Anjuran untuk tidak memasuki Al-Ula kecuali dalam keadaan menangis dan larangan minum air atau berwudhu dengan air dari sumur-sumur di kawasan tersebut bukanlah larangan yang bersifat absolut dan permanen. Peringatan ini lebih bersifat nasihat dan ajakan untuk berintrospeksi diri, mengambil pelajaran dari sejarah, dan menghindari perilaku yang dapat mengundang murka Allah SWT. Rasulullah SAW tidak ingin umatnya mengulangi kesalahan Kaum Tsamud, yang akhirnya dibinasakan karena keangkuhan dan kezaliman mereka.
Peringatan Rasulullah SAW tentang Al-Ula dapat dimaknai sebagai sebuah pelajaran berharga tentang pentingnya:
- Menghindari kezaliman: Kisah Kaum Tsamud menjadi bukti nyata bahwa kezaliman akan berbuah malapetaka. Rasulullah SAW mengingatkan umatnya agar selalu berbuat adil dan menghindari segala bentuk kezaliman.
- Menghormati sejarah: Al-Ula sebagai saksi bisu atas azab Allah SWT mengingatkan kita akan pentingnya menghargai sejarah dan mengambil hikmah dari peristiwa masa lalu.
- Berhati-hati dalam bertindak: Peringatan Rasulullah SAW menunjukkan perlunya kehati-hatian dan pertimbangan matang sebelum melakukan sesuatu, terutama yang berkaitan dengan tempat-tempat yang memiliki riwayat kelam.
- Bertawakkal kepada Allah SWT: Meskipun ada peringatan, kita tetap harus bertawakkal kepada Allah SWT dan memohon perlindungan-Nya dari segala macam bahaya.

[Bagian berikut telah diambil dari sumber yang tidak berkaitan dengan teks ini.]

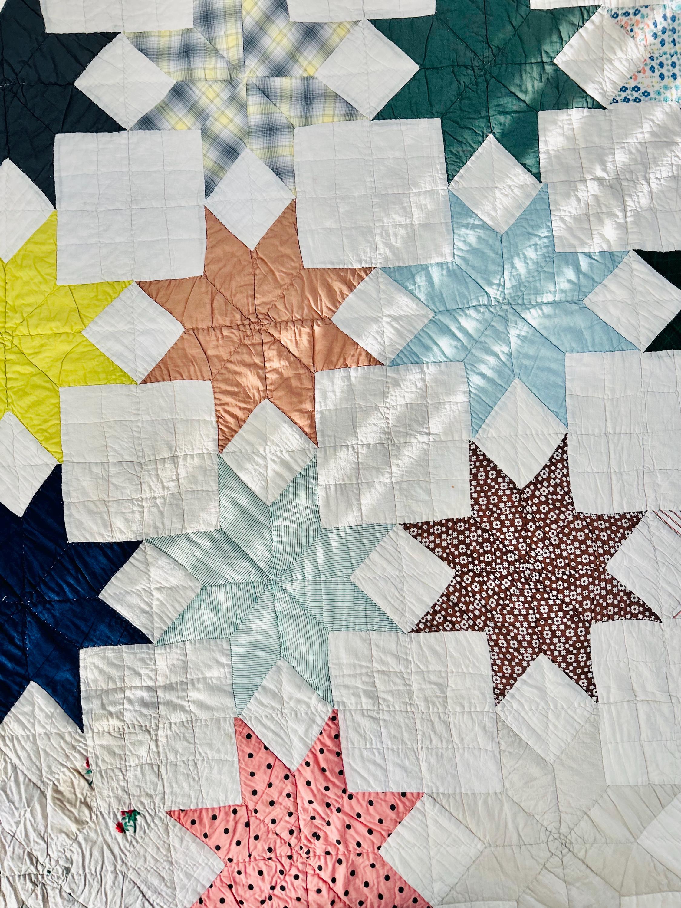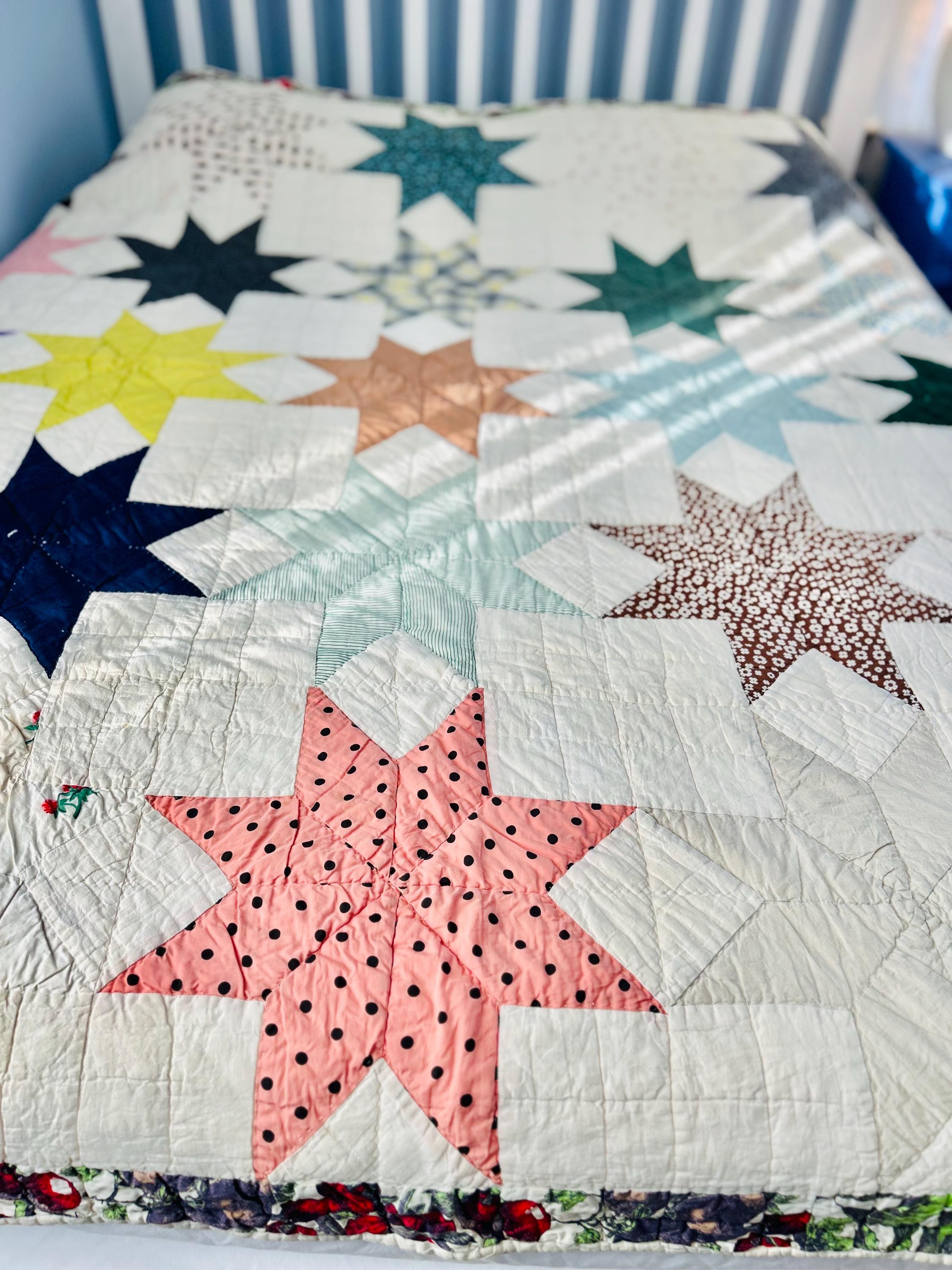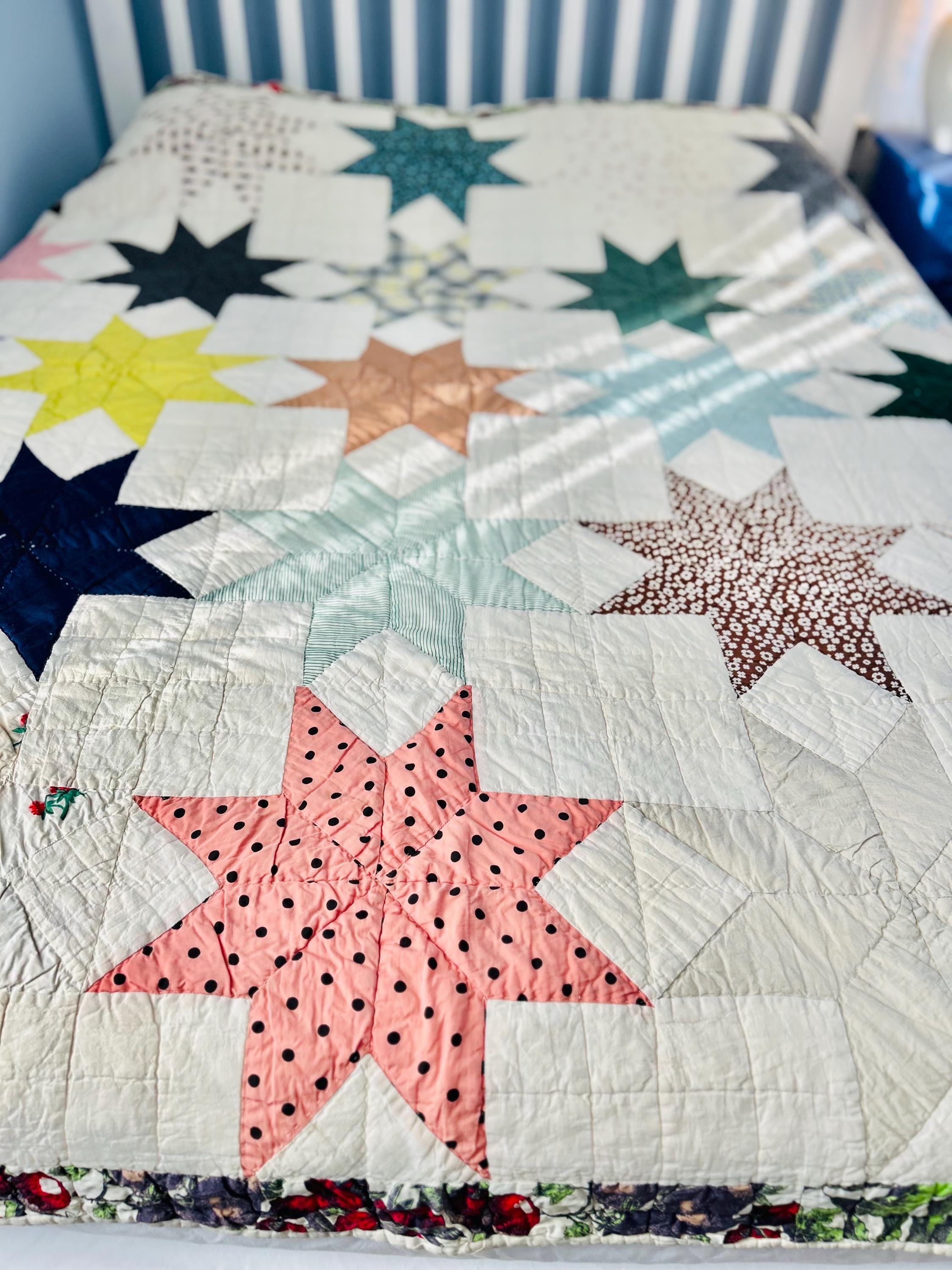 This is a very old Touching Stars Quilt, circa 1910-1920s, and has been hand-stitched and hand-quilted. The quilting is in outlines of the patchwork and in diagonals. There is a colorful green-print border along the top and bottom that has been quilted in large diamonds.

Kesimpulannya, peringatan Rasulullah SAW tentang Al-Ula bukanlah sekadar larangan geografis, melainkan pesan moral yang sarat makna. Peringatan ini mengajak umat Islam untuk merenungkan sejarah, menghindari kezaliman, dan selalu bertawakkal kepada Allah SWT. Al-Ula, dengan segala sejarah dan misterinya, menjadi pengingat akan kuasa Allah SWT dan konsekuensi dari perbuatan manusia. Sebagai umat Islam, kita hendaknya mengambil hikmah dari kisah ini dan menjadikan Al-Ula sebagai pelajaran berharga dalam menjalani kehidupan.